- O(n!) brute force, n is maxChoosableInteger. T(n)=nT(n-1)

```
bool canIWin(int maxChoosableInteger, int desiredTotal) {
if(!desiredTotal) return 1;
return canWin(~0<<maxChoosableInteger, maxChoosableInteger, desiredTotal);
}
bool canWin(int pool, int maxint, int tot) {
if(tot<=0) return 0;
for(int i=0;i<maxint;i++) {
int mask = 1<<i;
if(pool & mask) continue;
pool|=mask;
if(!canWin(pool,maxint, tot-i-1)) return 1;
pool^=mask;
}
return 0;
}
```

- O(n2^n) Memoization. There is redundant computation in #1. A state with a pool and total may be computed many times. So we can cache the state and reuse it. At first glance, it seems that a state is determined by two values, the pool and the total. However, since the initial total is known, the remaining total is known given the pool. So a state can be identified by the pool only.

```
bool canIWin(int maxChoosableInteger, int desiredTotal) {
if(!desiredTotal) return 1;
if(maxChoosableInteger*(maxChoosableInteger+1)/2<desiredTotal) return 0;
unordered_map<int,char> mem;
return canWin(~0<<maxChoosableInteger, maxChoosableInteger, desiredTotal, mem);
}
bool canWin(int pool, int maxint, int tot, unordered_map<int,char>& mem) {
if(tot<=0) return 0;
auto it = mem.find(pool);
if(it != mem.end()) return it->second;
for(int i=0;i<maxint;i++) {
int mask = 1<<i;
if(pool & mask) continue;
pool|=mask;
if(!canWin(pool,maxint,tot-i-1,mem)) return mem[pool^=mask]=1;
pool^=mask;
}
return mem[pool] = 0;
}
```

- Iterative dp. For most dp problems, the next step is to transform recursion with memoization to iterative dp.

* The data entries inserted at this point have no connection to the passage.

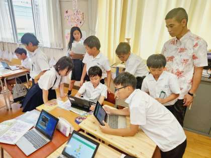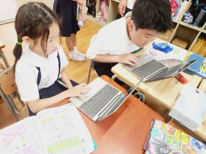 算数の時間に「さまざまな四角形」について学習している4年生。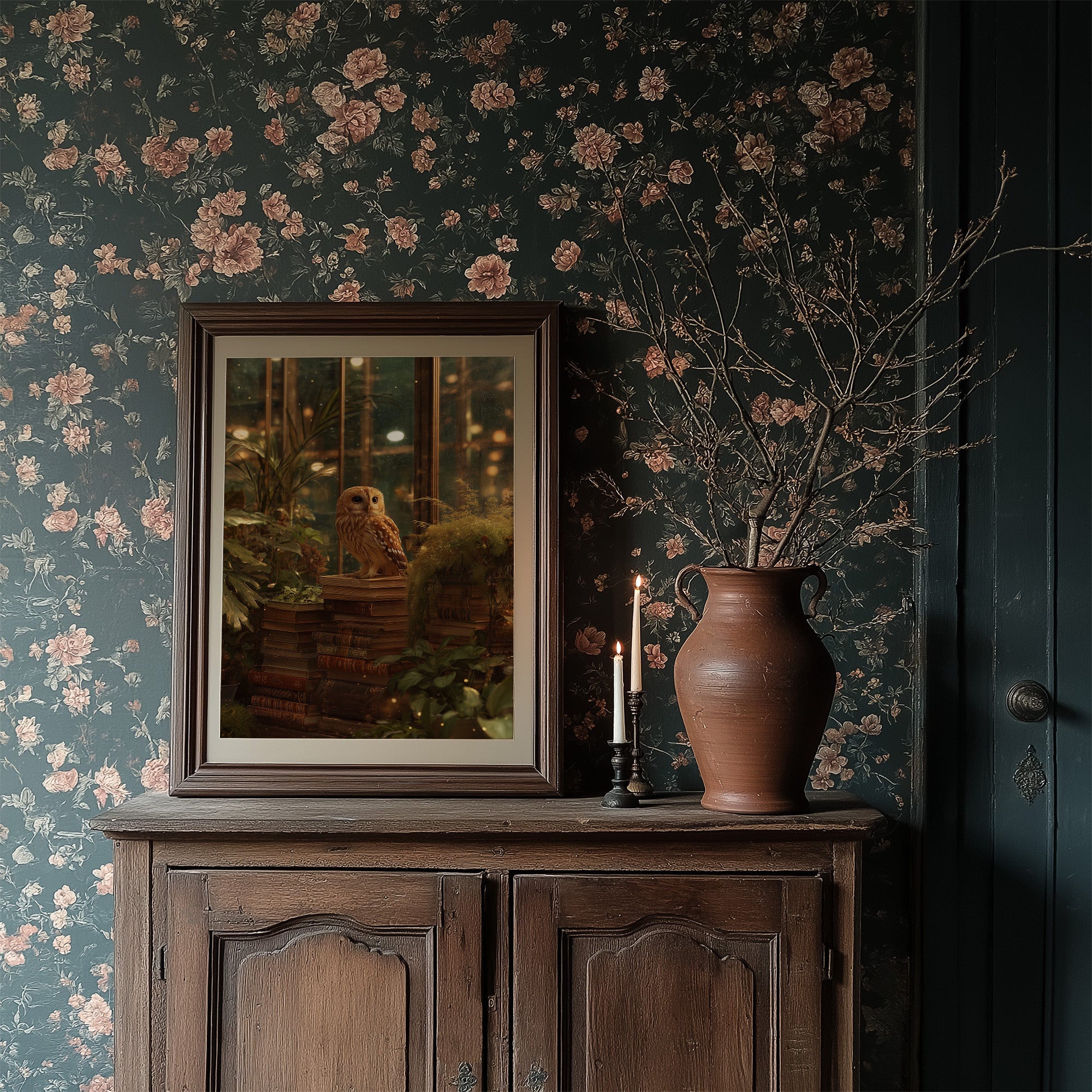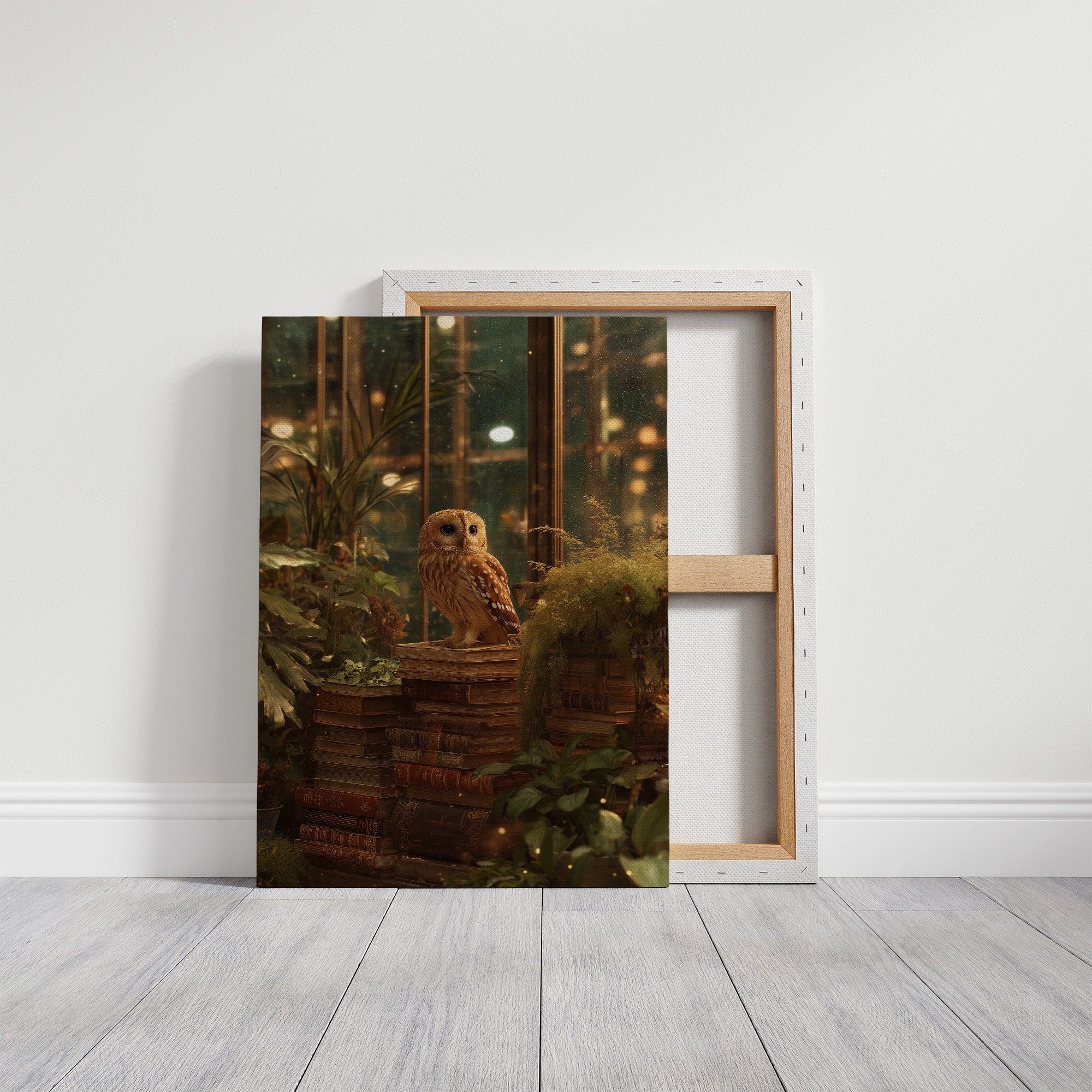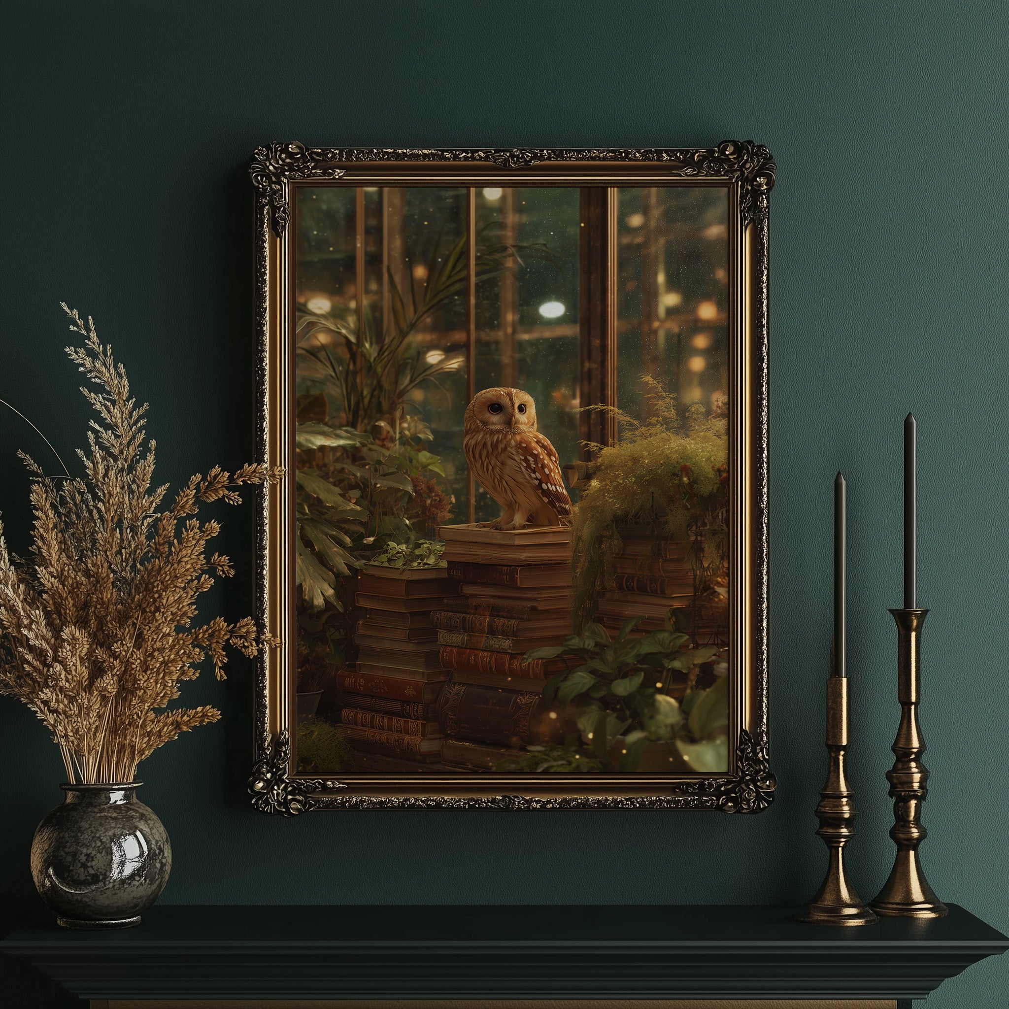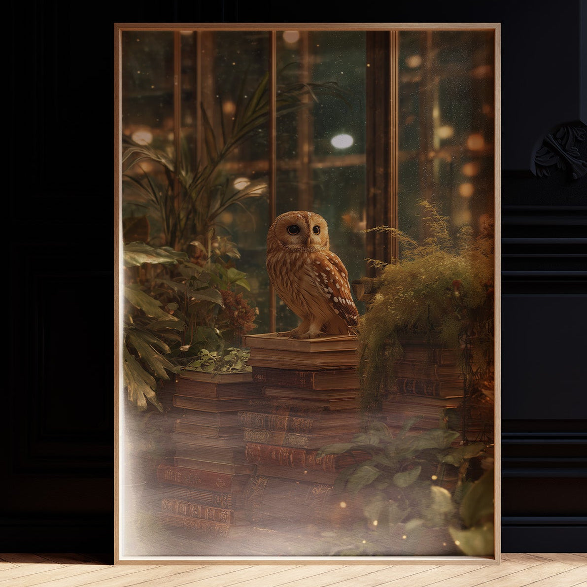 A tawny owl perches vigilantly atop weathered books, its round eyes gleaming with quiet wisdom in the amber glow of distant lights. Moss and ferns create a verdant sanctuary around the stacked volumes, blending the wild and scholarly worlds in mysterious harmony. The scene captures a moment where knowledge and nature converge, bathed in the soft bokeh of twilight filtering through unseen windows.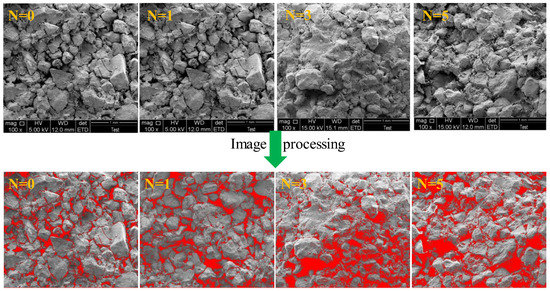 A pixel-based image processing algorithm base on the SEM results was employed to compare and analyze the porosity and distribution of specimens at different wet–dry cycles [16,24]. In order to provide more analysis objects and meet the statistical requirements, the SEM results with a magnification of 100 times were selected. In addition, each group of six SEM images was chosen to reduce errors. The image processing of specimens at different wet–dry cycles was given in Figure 8, wherein the gray and red contrast in the images showed the density distribution of the voids. With the increase of wet–dry cycles, the red area gradually increased, indicating that the defect area and porosity of samples increased. It should be mentioned that the defect area started to connect and became huge pores when the number of wet–dry cycles exceeded three. The porosity and distribution of samples after different wet–dry cycles are illustrated in Figure 9.
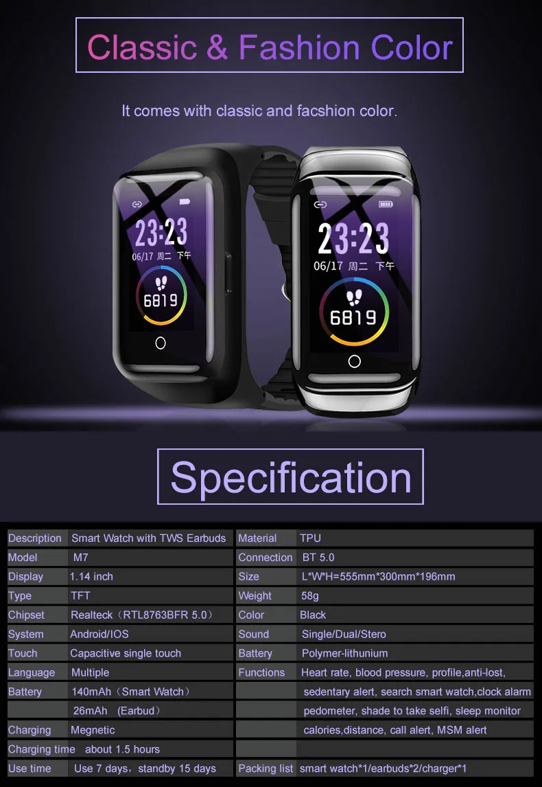 The Wireless Bluetooth Headset Smart Watch Screen Waterproof is the perfect all-in-one wearable device for anyone seeking convenience, style, and functionality. Whether you’re listening to music, taking calls, or tracking your fitness, this device provides high-quality audio, smart tracking features, and a comfortable, sleek design. Its waterproof rating ensures it can handle outdoor adventures or tough workouts, while the long battery life provides uninterrupted use.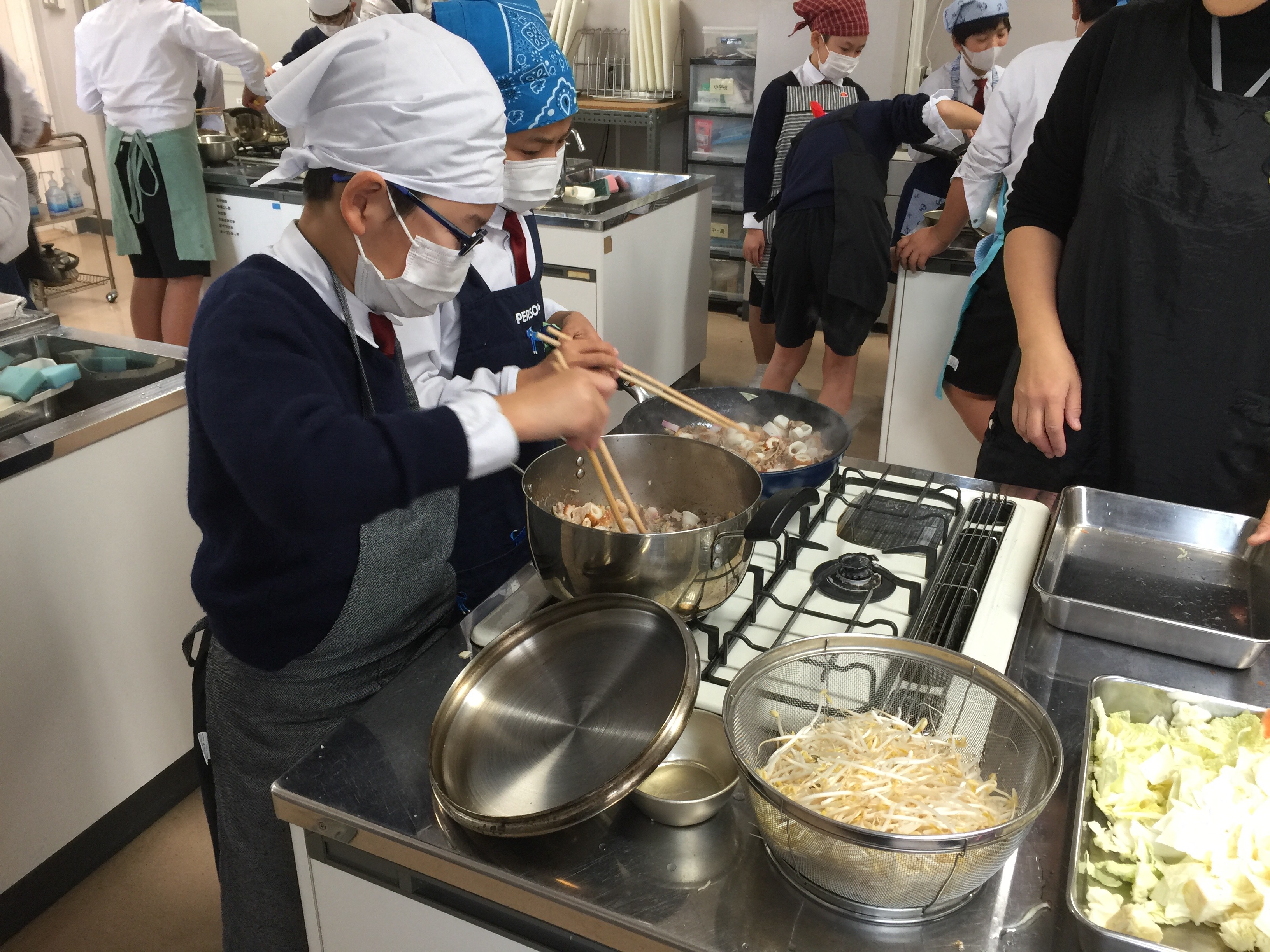 6年生の2学期の調理実習は皿うどん。2月に訪れる長崎県の名物です。

However, that does not help and is actually pretty bad for this problem. In iterative dp, we have to visit all the 2^n states to get the result. In #2 DFS with memoization, DFS terminates as soon as it finds a way to win. The worst case O(n2^n) rarely happens. So if DFS has early termination condition, then it should be better than dp that visits all the states. Similar problems are word break and Concatenated Words.